This task/domain context reveals new uses for existing techniques and provides a catalyst for the invention of new ones. For example, in a case-based-reasoning approach to design, the adaptation of a retrieved design might be more complex than in most other applications of CBR and might require new methods, because of the many dependencies between the design decisions that make up the design.
The problem of design
Design is a peculiarly human activity: the desire to recast the world to suit our purposes is a defining characteristic of being human. It is also a defining characteristic of being intelligent. 5 The study of design, therefore, is naturally part of the study of AI.
Defining design, in its broadest sense, is a difficult task. Many technical and philosophical tracts have been written on the topic; we make no attempt to wade into those choppy waters!
We loosely interpret design to be an information-processing activity that creates a description of an engineered artifact (for example, a building or a software module), guided by some set of specifications and some set of constraints. The specifications are intended to describe what is desired; they are not necessarily methods that describe how the artifact should be designed. They might vary from concrete to very abstract. Specifications can include such things as aesthetics, resources, economics of manufacturing, and performance. Constraints describe the limitations of the natural world (for example, Newton's laws) and the other, perhaps artificial, limitations to be placed on the design. They describe what must not be violated.
A design process is complex. One of the most well-studied design problems, configuration design, has been shown to be exponential in size and time. The configuration-design process selects parts from a catalog or set of catalogs to realize a set of specifications and satisfy constraints about how parts can be combined. Because configuration design is one of the simpler forms of design, more complex types of design will be likely to also have exponential complexity. Thus, with apparently intractable search, design problems are hard to solve.

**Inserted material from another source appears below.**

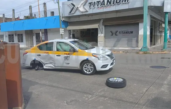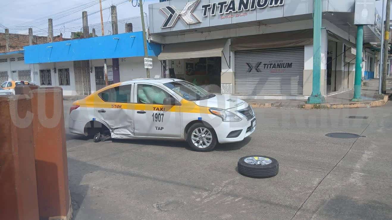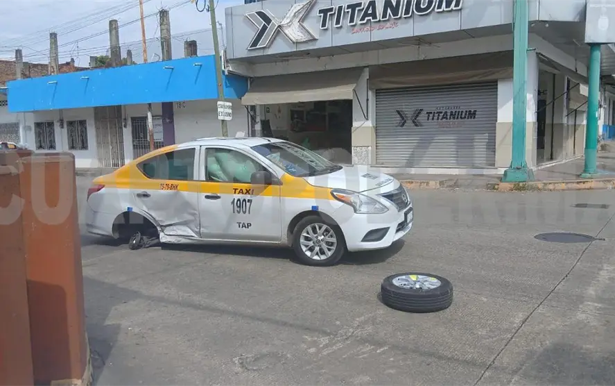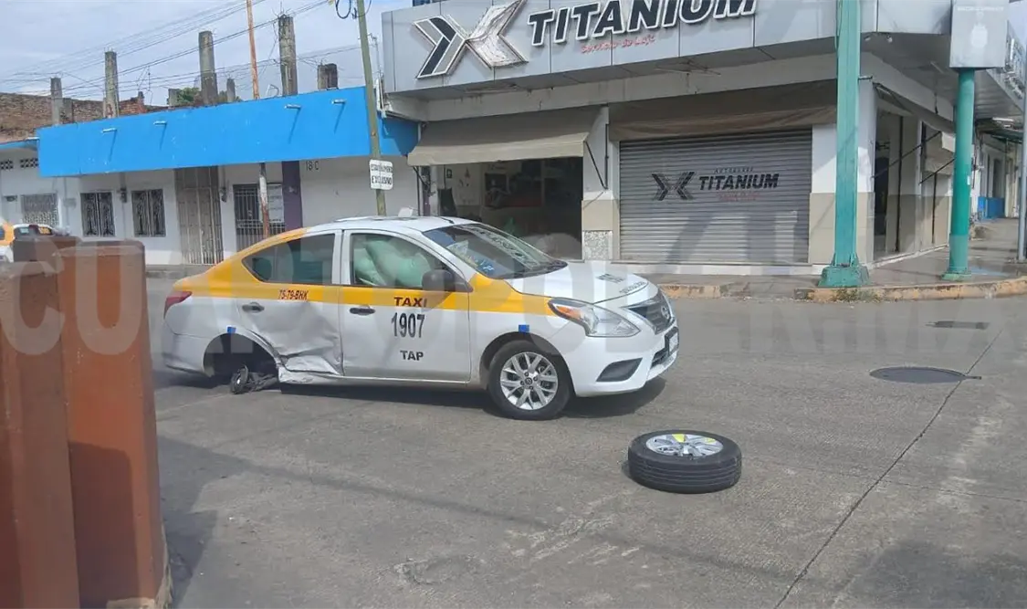 Un fuerte accidente entre un vehículo particular que se dio a la fuga y un taxi, se registró este miércoles en el centro de Tapachula, dejando daños materiales de alta consideración.

Design is hard for several other reasons:
The goal state (that is, a good design) is often hard or impossible to define. Often, it is the result of the design process that identifies candidate goal states. For example, in designing a house, it is possible to initially describe desirable characteristics, but it is through the design process that possible houses emerge.
The implications of various design actions are not generally predictable. For example, if a part is added to a design, it is not possible to fully predict that part's impact on the design. The part might combine well with other parts, might lead to vastly inferior solutions, or might not interact with other parts at all.
Thus, to solve these problems, AID researchers need to draw on a wide range of AI techniques, such as knowledge representation, problem-solving methods, and machine learning. These techniques let researchers cast design problems in computable forms, allowing the underlying structure to become apparent. Through such elucidation, it is often possible to develop heuristics that make it possible to solve interesting design problems, or to find ways to bound design problems so that they can be solved.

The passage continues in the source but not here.